Оу смотрела, как он гладил буйволенка, по-прежнему послушно лежавшего у ее ног.
— Был такой случай, я тогда еще совсем мальчишкой был, мы действовали в городе Куангчи, и нам всем пришлось переодеться в форму марионеточных солдат. Так вот, когда они отправили меня в военное училище и я надел их форму, мне все казалось, что я опять переодетый, как тогда.
— Тебя долго держали в тюрьме?
— Три месяца, а потом медицинское освидетельствование и училище. Я тогда все время себя спрашивал: просто по подозрению меня взяли или прослышали о готовящемся нападении на полицию? Оказывается, им просто солдат набрать надо было.
— Конечно, тебе надо было бы бежать. Только, наверное, это было очень трудно?
— Естественно, однако невозможного нет, и при большом старании это удалось бы сделать. Но у меня такая мысль созрела: что, если остаться, посмотреть как бы изнутри, что у них изменилось, ведь тогда объявили о вьетнамизации войны? Недаром же я разведчик! И точно, в училище я узнал много полезного — и про повое вооружение, и про новую тактику… Прости, но не будем больше об этом — и говорить-то тошно, об училище этом как о каком-то аде вспоминаю…

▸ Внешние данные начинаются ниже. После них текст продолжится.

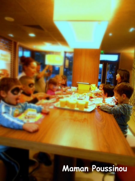 Nous voilà donc arrivés à Mc Do, avec un peu de retard (bizarrement, depuis que je suis maman, j’ai beaucoup de mal à être à l’heure et pourtant je ne supporte pas le retard…) où quelques enfants sont déjà là, à crier et courir dans tous les sens. A ce moment precis, je n’ai pu m’empêcher de penser que 1h30 ça allait être long, d’autant que je m’étais proposée de rester avec mon amie (la maman de la copine qui fêtait ses 4 ans) afin de surveiller les monstres.

— А разве после было легче?
— Как сказать. В части я пробыл всего полмесяца, стояли в джунглях, на ключевых позициях, к западу от Тхыатхиена.
Помолчав немного, Линь снова продолжил:
— Вот там-то я и ощутил весь трагизм своего положения. Ведь на другой стороне были свои — мои товарищи, наши бойцы. Мы с одним солдатом сговорились, ему лет сорок уже было — он сам из Фуванга, крестьянин, — хотели прощупать остальных и устроить что-нибудь. Больших усилий не потребовалось бы. Мало найдется армий, где солдаты так легко поддавались бы панике и так бы верили всяким предрассудкам! Смешно сказать, не успеет солдат вырыть окоп, как уже ищет кусок фанеры или картона, чтобы устроить алтарь предков — молится, чтоб его пули стороной обходили… Да еще и украсит этот алтарь по-всякому…
* * *
— Подожди, кажется, это та женщина плачет, у которой мы вещи оставили. — Оу обернулась назад и настороженно прислушалась.
— Как. Ты ничего не поняла? Мужчина в гимнастерке, которому я уступил место для палатки, ее муж, — ответил Линь. — И у них было серьезное объяснение.
— Что?! — удивилась Оу. — Мне она сказала, что ее муж в Золине.
— Не думаешь же ты, — засмеялся Линь, — что младенец родился от человека, который несколько лет безвылазно сидит в Золине?
— Да, теперь, кажется, понимаю… Только мне она все равно симпатична.
— Хорошим людям, как правило, не везет. Сама знаешь, сколько сейчас разбитых семей. Все понятно: жены, спасая детей, уходили от обстрелов и бомбежек туда, где потише, а мужья оставались защищать освобожденные зоны. А женщин, бежавших на Юг от бомб, вынуждали заводить себе новых мужей — то прельщая каким-нибудь жалким добром, то заставляя силой…
— Наверное, и она так — бежала, а потом нашла себе нового мужа. А теперь небось раскаивается и решила вернуться к первому.
— Угу, только это не все. Новый муж бросился вдогонку и умоляет вернуться к нему. Они сегодня всю ночь и целый день только и делали, что выясняли отношения. Посмотрим, что она к утру решит — поедет дальше, в Золинь, или вернется?
* * *
К западу от шоссе появлялись и пропадали вереницы холмов. Небо было светлым, а утренний воздух — таким прозрачным и легким, что цепи гор и джунгли точно приблизились сюда, к шоссе, и над всем этим разливался мягкий, казавшийся искусственным свет. Над плавно изгибавшейся линией холмов тут и там поднимались дымки темно-фиолетовых или оранжевых сигнальных костров. Там, где было море, у одной из высоких дюн полыхал большой пожар, мерцающее зарево охватывало край неба.
Шедшие порожняком «ЗИЛы» одной из воинских частей рано утром заехали в Хюэ забрать беженцев, возвращавшихся в Куангчи, и теперь, переполненные людьми и вещами, неслись по шоссе номер один. Тентов и навесов на них не было. Тесня людей, громоздились в открытых кузовах груды нехитрого скарба — столы, стулья, небольшие домашние алтари, даже вывески и прочее добро — от ведер до метелок.
В управлении, занимавшемся перевозками, беженцев привыкли делить на три категории: тех, кто оставил родные края несколько десятков лет тому назад, тех, кто ушел в семьдесят втором, и тех, кто бежал в марте этого года. Вот этим-то третьим и выпала самая нелегкая доля: проделать безумно трудный путь дважды, туда и обратно, постепенно побросав по дороге все свои вещи.